ASSIGNED TASK —
What is needed is an exact copy of the lines in the entries below from the one holding "Pemerintah Kabupaten Buleleng" through the one holding "10月12日,迤沙拉幸福公社", pictures excluded.

INPUT —
-=-=-
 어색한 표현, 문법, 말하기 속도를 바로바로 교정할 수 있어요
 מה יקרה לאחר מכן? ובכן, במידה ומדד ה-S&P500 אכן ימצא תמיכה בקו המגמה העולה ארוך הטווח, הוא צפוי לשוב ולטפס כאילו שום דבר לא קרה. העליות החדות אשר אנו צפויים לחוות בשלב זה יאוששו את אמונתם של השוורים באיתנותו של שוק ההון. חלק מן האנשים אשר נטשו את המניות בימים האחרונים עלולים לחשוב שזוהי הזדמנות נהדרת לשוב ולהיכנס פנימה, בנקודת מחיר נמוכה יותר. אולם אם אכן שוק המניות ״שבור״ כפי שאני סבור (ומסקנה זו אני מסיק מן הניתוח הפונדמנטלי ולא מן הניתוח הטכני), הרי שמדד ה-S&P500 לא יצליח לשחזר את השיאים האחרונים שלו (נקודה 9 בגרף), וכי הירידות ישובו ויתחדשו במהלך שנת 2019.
-=-=-
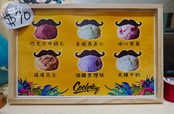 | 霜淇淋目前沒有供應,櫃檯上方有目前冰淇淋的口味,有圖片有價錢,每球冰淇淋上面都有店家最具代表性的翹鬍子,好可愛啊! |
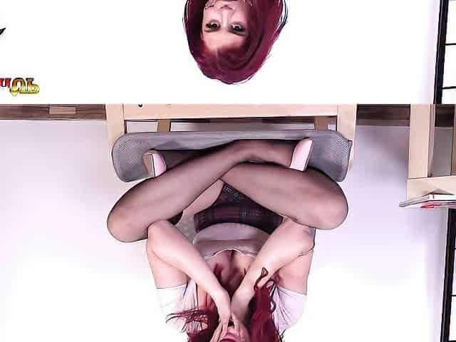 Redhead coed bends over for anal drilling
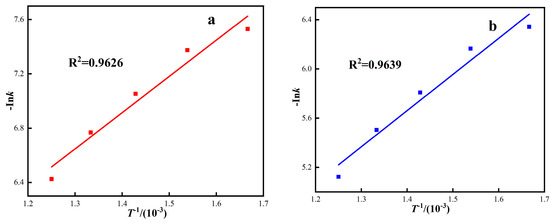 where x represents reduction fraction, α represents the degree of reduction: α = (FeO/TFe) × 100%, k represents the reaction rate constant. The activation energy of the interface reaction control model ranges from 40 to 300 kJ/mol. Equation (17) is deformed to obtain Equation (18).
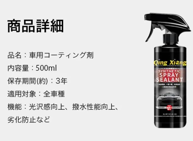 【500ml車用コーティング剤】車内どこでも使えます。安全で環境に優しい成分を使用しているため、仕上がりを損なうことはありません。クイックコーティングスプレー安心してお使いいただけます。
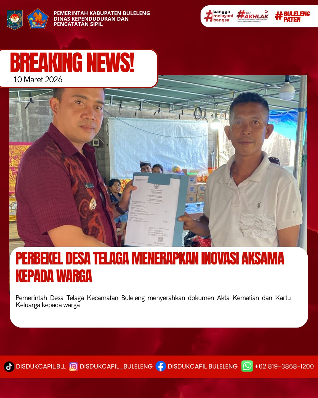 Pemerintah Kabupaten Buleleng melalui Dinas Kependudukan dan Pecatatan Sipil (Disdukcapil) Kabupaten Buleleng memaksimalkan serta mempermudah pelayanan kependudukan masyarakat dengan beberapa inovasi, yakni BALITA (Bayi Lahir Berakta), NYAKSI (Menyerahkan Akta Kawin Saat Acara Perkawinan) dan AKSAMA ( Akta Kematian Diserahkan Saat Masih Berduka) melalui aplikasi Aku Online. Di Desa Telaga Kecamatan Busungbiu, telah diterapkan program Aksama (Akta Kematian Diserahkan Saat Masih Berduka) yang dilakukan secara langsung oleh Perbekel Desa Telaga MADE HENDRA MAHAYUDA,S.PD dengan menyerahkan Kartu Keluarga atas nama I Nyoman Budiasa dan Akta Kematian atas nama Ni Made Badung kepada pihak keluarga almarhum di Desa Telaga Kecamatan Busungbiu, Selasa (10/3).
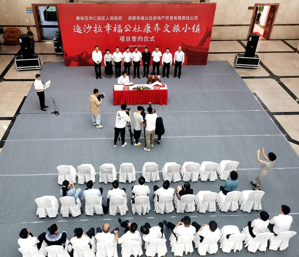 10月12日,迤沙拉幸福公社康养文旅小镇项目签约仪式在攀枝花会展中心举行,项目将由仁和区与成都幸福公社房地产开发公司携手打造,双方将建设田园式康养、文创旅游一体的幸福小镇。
-=-=-
RESPONSE TO THIS EXERCISE —
 Pemerintah Kabupaten Buleleng melalui Dinas Kependudukan dan Pecatatan Sipil (Disdukcapil) Kabupaten Buleleng memaksimalkan serta mempermudah pelayanan kependudukan masyarakat dengan beberapa inovasi, yakni BALITA (Bayi Lahir Berakta), NYAKSI (Menyerahkan Akta Kawin Saat Acara Perkawinan) dan AKSAMA ( Akta Kematian Diserahkan Saat Masih Berduka) melalui aplikasi Aku Online. Di Desa Telaga Kecamatan Busungbiu, telah diterapkan program Aksama (Akta Kematian Diserahkan Saat Masih Berduka) yang dilakukan secara langsung oleh Perbekel Desa Telaga MADE HENDRA MAHAYUDA,S.PD dengan menyerahkan Kartu Keluarga atas nama I Nyoman Budiasa dan Akta Kematian atas nama Ni Made Badung kepada pihak keluarga almarhum di Desa Telaga Kecamatan Busungbiu, Selasa (10/3).
 10月12日,迤沙拉幸福公社康养文旅小镇项目签约仪式在攀枝花会展中心举行,项目将由仁和区与成都幸福公社房地产开发公司携手打造,双方将建设田园式康养、文创旅游一体的幸福小镇。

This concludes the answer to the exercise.